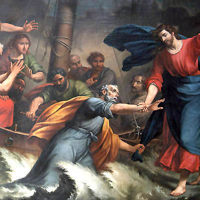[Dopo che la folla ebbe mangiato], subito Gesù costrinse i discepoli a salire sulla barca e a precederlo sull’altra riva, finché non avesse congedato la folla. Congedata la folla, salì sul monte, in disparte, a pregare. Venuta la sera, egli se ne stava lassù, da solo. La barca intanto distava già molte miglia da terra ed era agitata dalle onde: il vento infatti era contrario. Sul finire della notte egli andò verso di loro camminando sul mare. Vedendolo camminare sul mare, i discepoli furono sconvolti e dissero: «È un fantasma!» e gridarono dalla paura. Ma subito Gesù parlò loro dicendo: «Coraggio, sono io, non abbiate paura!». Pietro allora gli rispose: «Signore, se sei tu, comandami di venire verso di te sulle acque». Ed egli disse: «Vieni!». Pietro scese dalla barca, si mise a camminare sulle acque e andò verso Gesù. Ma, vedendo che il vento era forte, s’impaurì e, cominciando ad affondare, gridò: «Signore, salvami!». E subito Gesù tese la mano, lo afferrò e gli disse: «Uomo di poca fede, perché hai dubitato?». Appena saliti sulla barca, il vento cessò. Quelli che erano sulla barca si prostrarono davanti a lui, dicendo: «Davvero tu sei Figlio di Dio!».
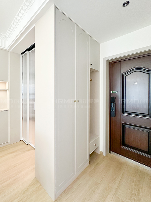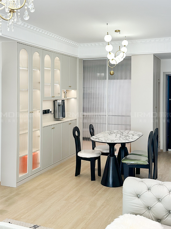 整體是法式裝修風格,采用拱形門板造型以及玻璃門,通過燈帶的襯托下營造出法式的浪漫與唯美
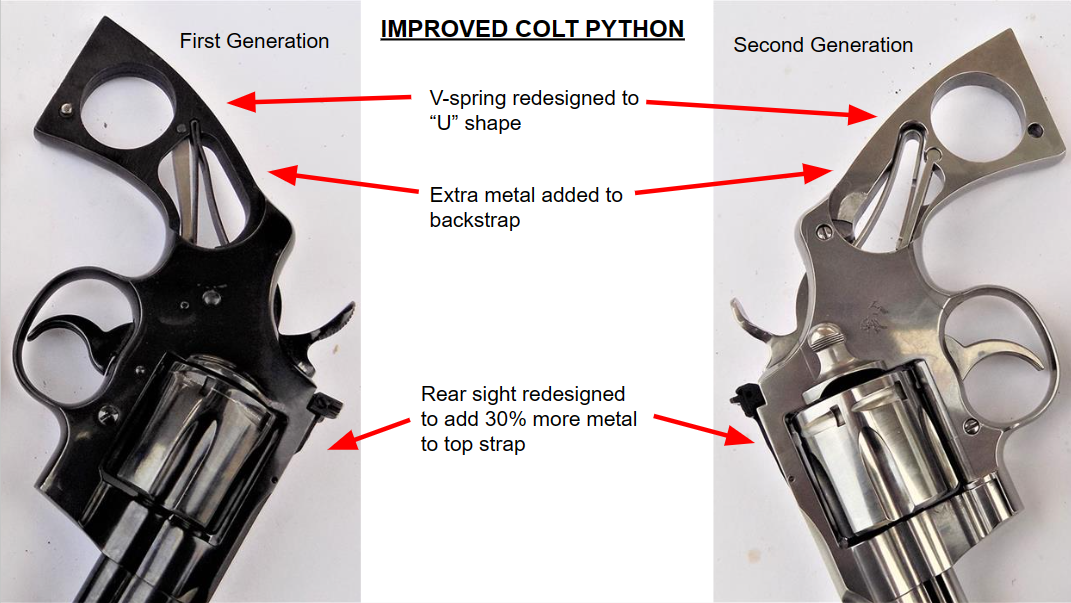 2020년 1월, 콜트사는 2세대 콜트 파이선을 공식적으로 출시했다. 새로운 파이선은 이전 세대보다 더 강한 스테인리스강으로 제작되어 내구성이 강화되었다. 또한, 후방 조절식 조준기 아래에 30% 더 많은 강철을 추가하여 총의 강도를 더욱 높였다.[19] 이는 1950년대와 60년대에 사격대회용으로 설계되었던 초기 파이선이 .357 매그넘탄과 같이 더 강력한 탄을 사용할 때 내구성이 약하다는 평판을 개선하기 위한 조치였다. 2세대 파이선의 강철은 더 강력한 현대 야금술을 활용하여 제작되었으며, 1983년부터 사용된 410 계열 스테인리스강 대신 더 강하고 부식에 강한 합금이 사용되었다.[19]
________________________
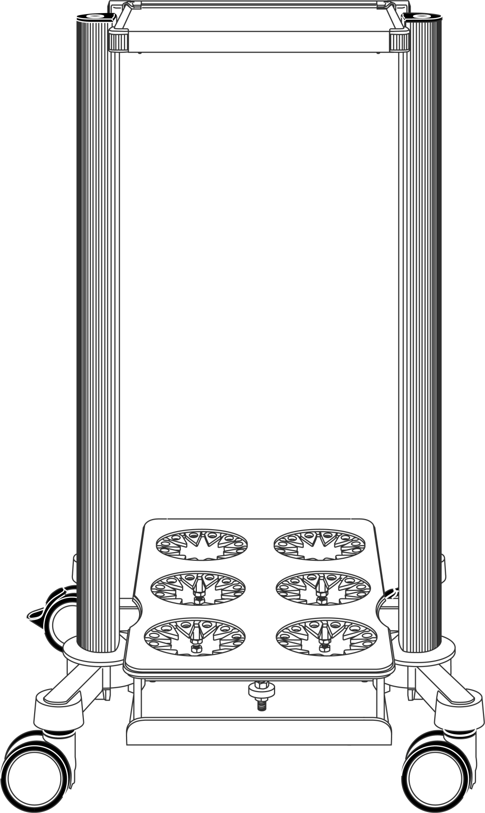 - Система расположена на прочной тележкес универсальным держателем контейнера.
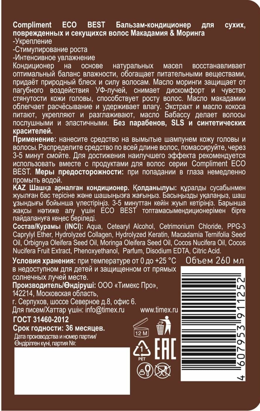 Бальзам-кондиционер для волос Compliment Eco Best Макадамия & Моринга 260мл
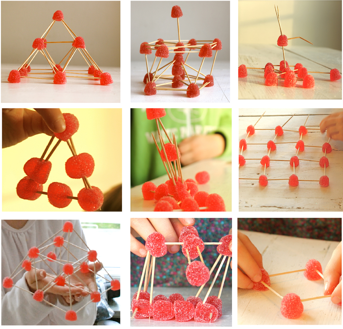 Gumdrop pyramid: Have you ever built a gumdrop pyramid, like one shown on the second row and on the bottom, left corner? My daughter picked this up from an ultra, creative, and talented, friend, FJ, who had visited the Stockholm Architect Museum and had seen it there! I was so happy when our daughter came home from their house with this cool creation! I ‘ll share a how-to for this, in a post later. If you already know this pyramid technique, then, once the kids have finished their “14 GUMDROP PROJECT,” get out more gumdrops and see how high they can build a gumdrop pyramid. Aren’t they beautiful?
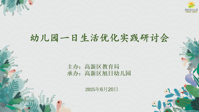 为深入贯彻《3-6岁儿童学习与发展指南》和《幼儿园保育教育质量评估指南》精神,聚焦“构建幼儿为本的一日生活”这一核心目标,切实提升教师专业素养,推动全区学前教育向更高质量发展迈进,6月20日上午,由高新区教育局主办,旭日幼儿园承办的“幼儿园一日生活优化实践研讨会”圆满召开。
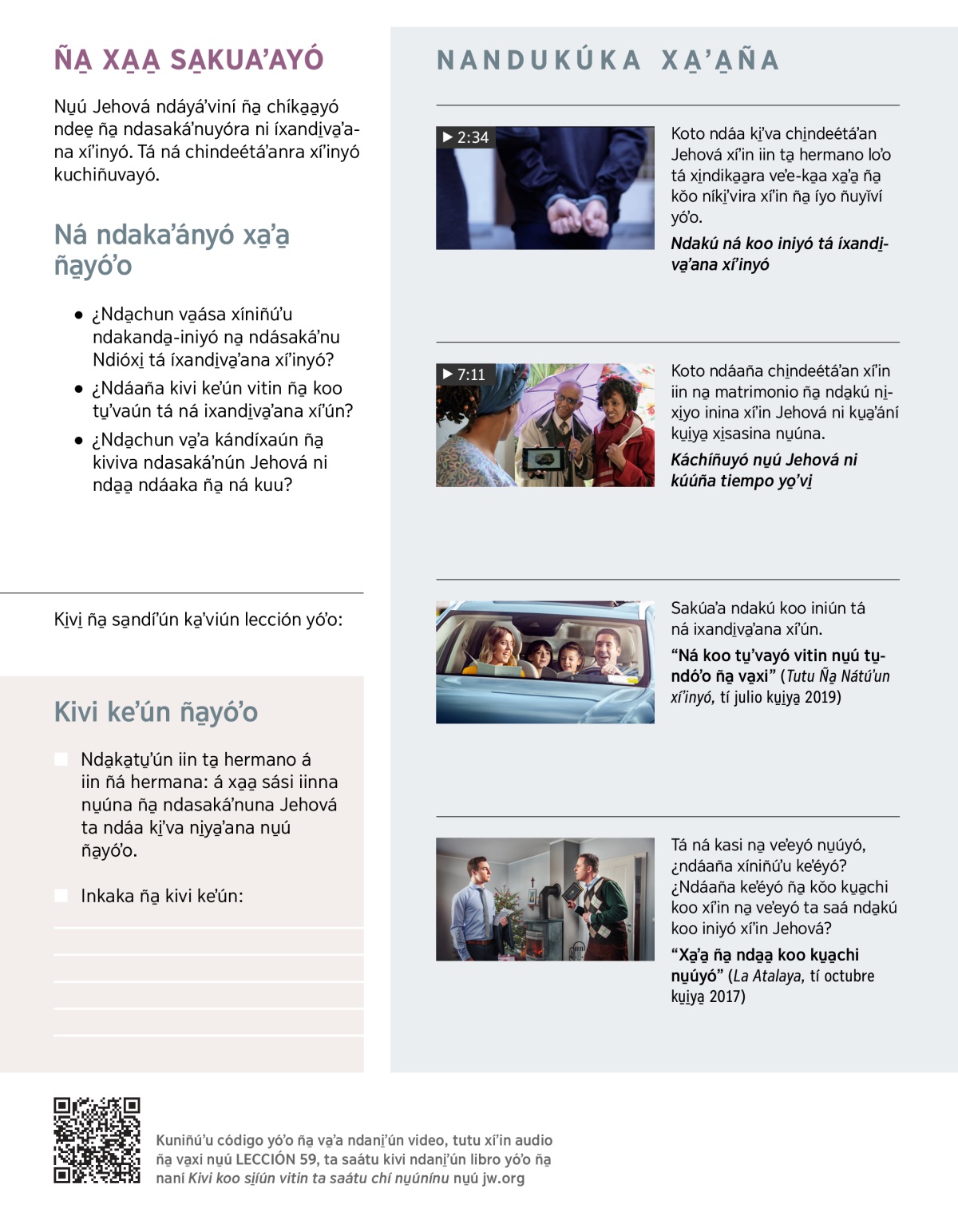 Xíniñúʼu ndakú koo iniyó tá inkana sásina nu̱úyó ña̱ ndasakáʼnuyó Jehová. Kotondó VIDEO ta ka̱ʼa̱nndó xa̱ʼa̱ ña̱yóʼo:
________________________
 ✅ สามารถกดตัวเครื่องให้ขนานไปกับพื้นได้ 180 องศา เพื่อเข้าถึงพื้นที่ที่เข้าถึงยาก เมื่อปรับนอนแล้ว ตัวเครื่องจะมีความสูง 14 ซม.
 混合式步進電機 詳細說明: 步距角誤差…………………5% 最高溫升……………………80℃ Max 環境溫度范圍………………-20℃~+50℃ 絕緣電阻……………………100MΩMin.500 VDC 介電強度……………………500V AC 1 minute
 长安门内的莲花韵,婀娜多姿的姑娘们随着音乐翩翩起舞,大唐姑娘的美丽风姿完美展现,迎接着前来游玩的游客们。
________________________
▶ **AIM OF THE EXERCISE**
Above is the material; set down exactly its lines from the one containing "Бальзам-кондиционер для волос" down to the one containing "Xíniñúʼu ndakú koo", both included, leaving out any pictures.

▶ **REPLY**
 Бальзам-кондиционер для волос Compliment Eco Best Макадамия & Моринга 260мл
 Gumdrop pyramid: Have you ever built a gumdrop pyramid, like one shown on the second row and on the bottom, left corner? My daughter picked this up from an ultra, creative, and talented, friend, FJ, who had visited the Stockholm Architect Museum and had seen it there! I was so happy when our daughter came home from their house with this cool creation! I ‘ll share a how-to for this, in a post later. If you already know this pyramid technique, then, once the kids have finished their “14 GUMDROP PROJECT,” get out more gumdrops and see how high they can build a gumdrop pyramid. Aren’t they beautiful?
 为深入贯彻《3-6岁儿童学习与发展指南》和《幼儿园保育教育质量评估指南》精神,聚焦“构建幼儿为本的一日生活”这一核心目标,切实提升教师专业素养,推动全区学前教育向更高质量发展迈进,6月20日上午,由高新区教育局主办,旭日幼儿园承办的“幼儿园一日生活优化实践研讨会”圆满召开。
 Xíniñúʼu ndakú koo iniyó tá inkana sásina nu̱úyó ña̱ ndasakáʼnuyó Jehová. Kotondó VIDEO ta ka̱ʼa̱nndó xa̱ʼa̱ ña̱yóʼo:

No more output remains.